1o  minutes later we are eating a delicious meal.  kat and i compliment dave as we scarf down his recent creation.  he humbly brushes it off likes it’s nothing.  he picks up my guitar and starts playing some of his original licks.  he’s a good musician, too.

good times.  community at it’s finest.

dave has been making it more of a habit to come hang out.  i like that.  in the past, dave would disappear from months on end.  when you work with guys on the street it plays with your mind when your friends disappear for a while.  you dont know if they’re dead or alive.

the longer you do not hear from them, the deeper your fears become.

i hope dave keeps this habit up.

 

i lost another one of my friends back in east van last week.  wally had a lot of health problems when i first met at first united, constantly in and out of the hospital.  he had a very gentle spirit about him and a calming voice.  he always looked on the bright side of things, aware of but not willing to settle for the darker side of reality.

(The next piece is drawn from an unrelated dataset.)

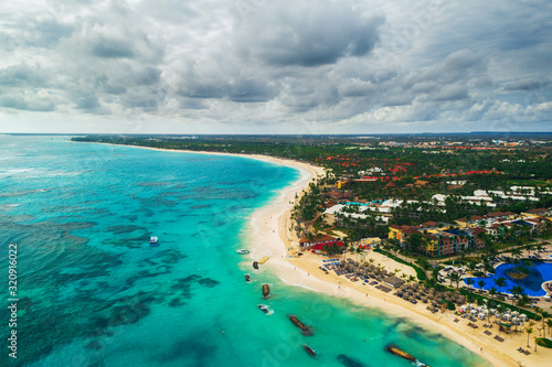 Fototapeta premium Aerial view of Punta Cana beach resort, Dominican Republic. Exotic island in...

every time i asked wally how he was doing, he always answered ‘copasetic’.  i had to look up the word in the dictionary to figure out what he meant.  completely satisfactory.  when i pressed further what he meant, he told me that no matter what life threw at him, he wasn’t going to get too high on life nor would he go too low.  everything has a purpose, he would tell me.

i think he found great comfort in that.  i do too.

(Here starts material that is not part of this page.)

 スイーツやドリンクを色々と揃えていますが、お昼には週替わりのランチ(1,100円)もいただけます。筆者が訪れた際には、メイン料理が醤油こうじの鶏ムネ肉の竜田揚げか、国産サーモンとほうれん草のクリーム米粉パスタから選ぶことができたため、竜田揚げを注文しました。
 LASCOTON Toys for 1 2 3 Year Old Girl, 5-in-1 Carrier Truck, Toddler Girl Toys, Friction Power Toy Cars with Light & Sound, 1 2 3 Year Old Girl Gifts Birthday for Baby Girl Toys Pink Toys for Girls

wally was another member of the first nations crew that spent their time drinking rubbing alcohol and mouth wash.  im not sure if it was the alcoholism that killed him or the cancer that ate away at his body.  im not sure what’s worse.

i’m pretty sure i could write a big, long post about wally that i did about africa but i don’t feel like doing that today.  i’m going to keep these memories inside for now.

 

lent started today.  happy ash wednesday.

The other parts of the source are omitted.